On Fri, Oct 9, 2009 at 6:08 PM, Koji Sekiguchi  
k...@r.email.ne.jp wrote:



Hi Shalin,


What about FastVectorHighlighter?
https://issues.apache.org/jira/browse/SOLR-1268


If we're targeting RC in this week, I'd like to push it to 1.5
because there is no patches. But perhaps you think
13 votes is considerable?


No, that is fine. We can push it to 1.5 unless it is very easy to  
make it

work with Solr. It affects relatively few number of people. The
applications
mentioned in the comments (Blacklight etc) can choose to release  
with

patched Solr versions I guess.

The only common case which needs this feature is highlighting n-gram
fields
(for auto-complete).

--
Regards,
Shalin Shekhar Mangar.








Re: Down to 5

2009-10-09 Thread Shalin Shekhar Mangar
On Fri, Oct 9, 2009 at 4:17 AM, Yonik Seeley yo...@lucidimagination.comwrote:

 On Sun, Oct 4, 2009 at 6:13 PM, Grant Ingersoll gsing...@apache.org
 wrote:
  Coming along:
 
 https://issues.apache.org/jira/secure/BrowseVersion.jspa?id=12310230versionId=12313351showOpenIssuesOnly=true
 
  If we can finish these up this week, I can generate RCs next week.

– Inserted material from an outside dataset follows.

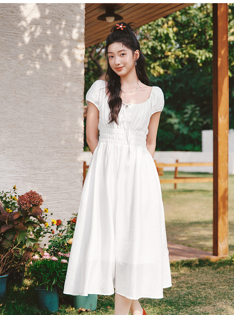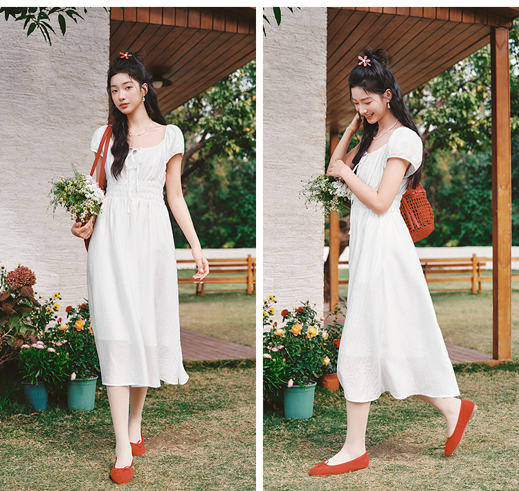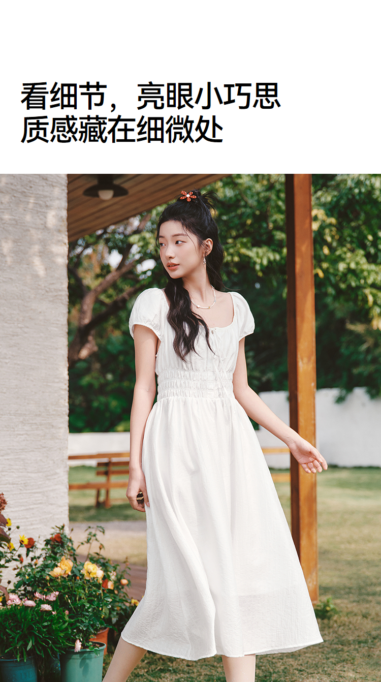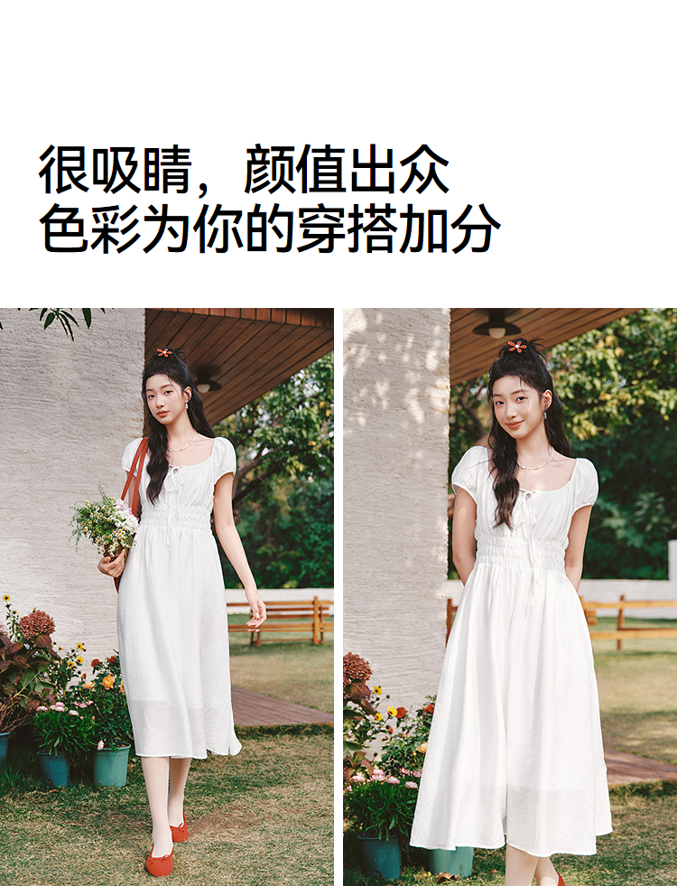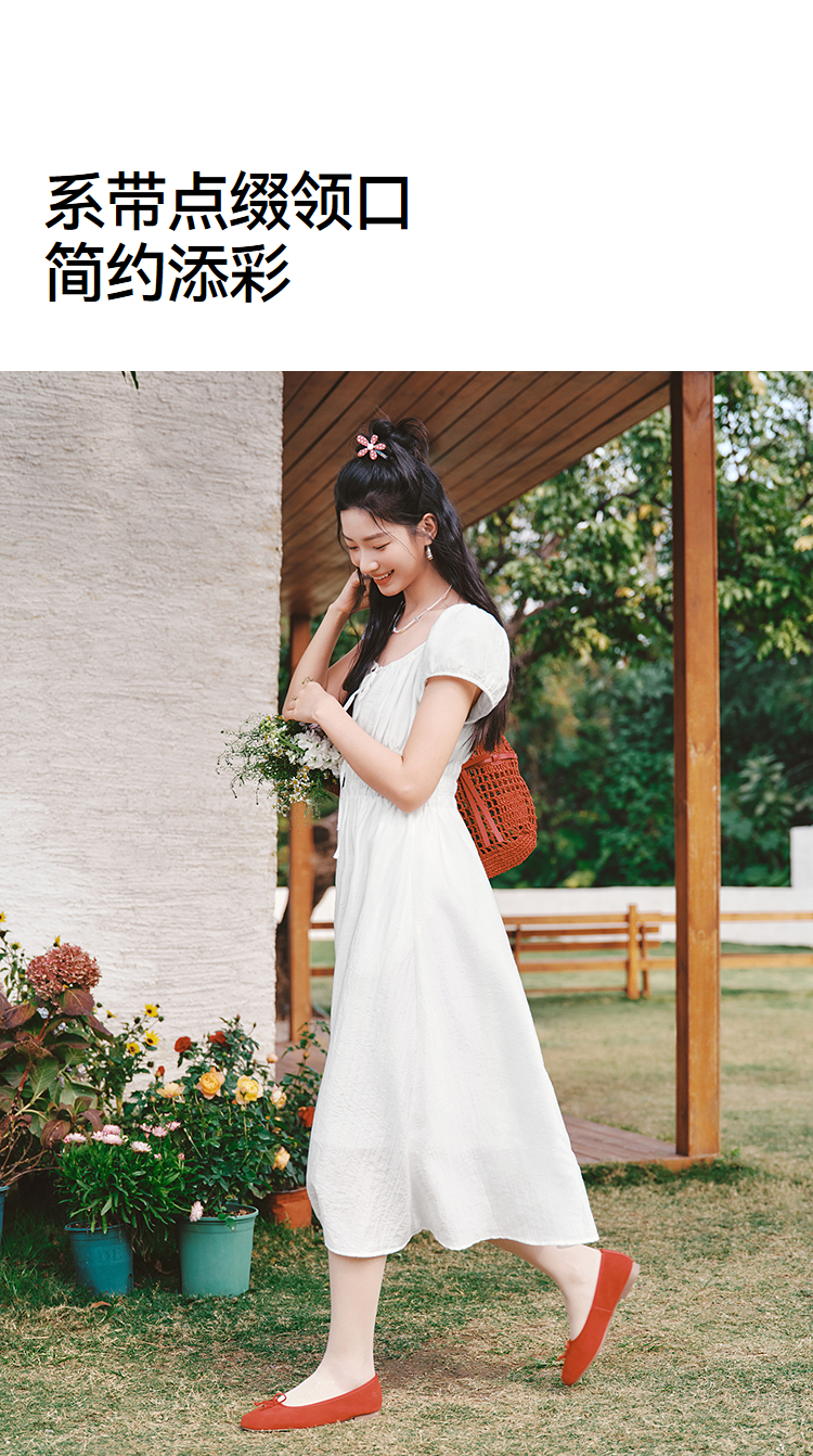 森马连衣裙女夏季肌理蝴蝶结2026新款简约风法式气质优雅初恋裙子

 Down to 4!  We're still planning on a code freeze at the end of this
 week, right?  I think all of the targeted issues are just waiting for
 the final commits?

 SOLR-1458Java Replication error: NullPointerException SEVERE:
 SnapPull failed on 2009-09-22 nightly
 SOLR-1449   solrconfig.xml syntax to add classpath elements from
 outside of instanceDir
 SOLR-1497   Remove solrjs from svn -- point docs to AJAX Solr
 SOLR-1475   Java-based replication doesn't properly reserve its commit
 point during backups

 Other issues:
  - Do we just bag chinese for now and force people to write their own
 factories? SOLR-1336
  - Does the Lucene 2.9 bugfix branch have anything warranting upgrading to
 it?


What about FastVectorHighlighter?

https://issues.apache.org/jira/browse/SOLR-1268
-- 
Regards,
Shalin Shekhar Mangar.


Re: Down to 5

2009-10-09 Thread Koji Sekiguchi

Hi Shalin,

 What about FastVectorHighlighter?
 https://issues.apache.org/jira/browse/SOLR-1268

If we're targeting RC in this week, I'd like to push it to 1.5
because there is no patches. But perhaps you think
13 votes is considerable?

Koji




Re: Down to 5

2009-10-09 Thread Shalin Shekhar Mangar
On Fri, Oct 9, 2009 at 6:08 PM, Koji Sekiguchi k...@r.email.ne.jp wrote:

 Hi Shalin,

  What about FastVectorHighlighter?
  https://issues.apache.org/jira/browse/SOLR-1268

 If we're targeting RC in this week, I'd like to push it to 1.5
 because there is no patches. But perhaps you think
 13 votes is considerable?


No, that is fine. We can push it to 1.5 unless it is very easy to make it
work with Solr. It affects relatively few number of people. The applications
mentioned in the comments (Blacklight etc) can choose to release with
patched Solr versions I guess.

The only common case which needs this feature is highlighting n-gram fields
(for auto-complete).

-- 
Regards,
Shalin Shekhar Mangar.


Re: Down to 5

2009-10-09 Thread Grant Ingersoll
Realistically speaking, I can do an RC on Monday afternoon.  So, how  
about we say Pencils down at 12 noon EDT on Monday and then I can  
create an RC that afternoon.


-Grant

On Oct 9, 2009, at 10:13 AM, Shalin Shekhar Mangar wrote:

On Fri, Oct 9, 2009 at 6:08 PM, Koji Sekiguchi k...@r.email.ne.jp  
wrote:



Hi Shalin,


What about FastVectorHighlighter?
https://issues.apache.org/jira/browse/SOLR-1268


If we're targeting RC in this week, I'd like to push it to 1.5
because there is no patches. But perhaps you think
13 votes is considerable?


No, that is fine. We can push it to 1.5 unless it is very easy to  
make it
work with Solr. It affects relatively few number of people. The  
applications

mentioned in the comments (Blacklight etc) can choose to release with
patched Solr versions I guess.

The only common case which needs this feature is highlighting n-gram  
fields

(for auto-complete).

--
Regards,
Shalin Shekhar Mangar.





Re: Down to 5

2009-10-09 Thread Anders Melchiorsen
Yonik Seeley yo...@lucidimagination.com writes:

 One further issue... should we commit the changes to the HTMLStripReader?
 https://issues.apache.org/jira/browse/SOLR-1394

As the reporter of that bug, I would obviously like to see a fix
included in 1.4.

It would be one thing to have the patch declared faulty, but having it
miss the window due to being ignored bothers me a bit.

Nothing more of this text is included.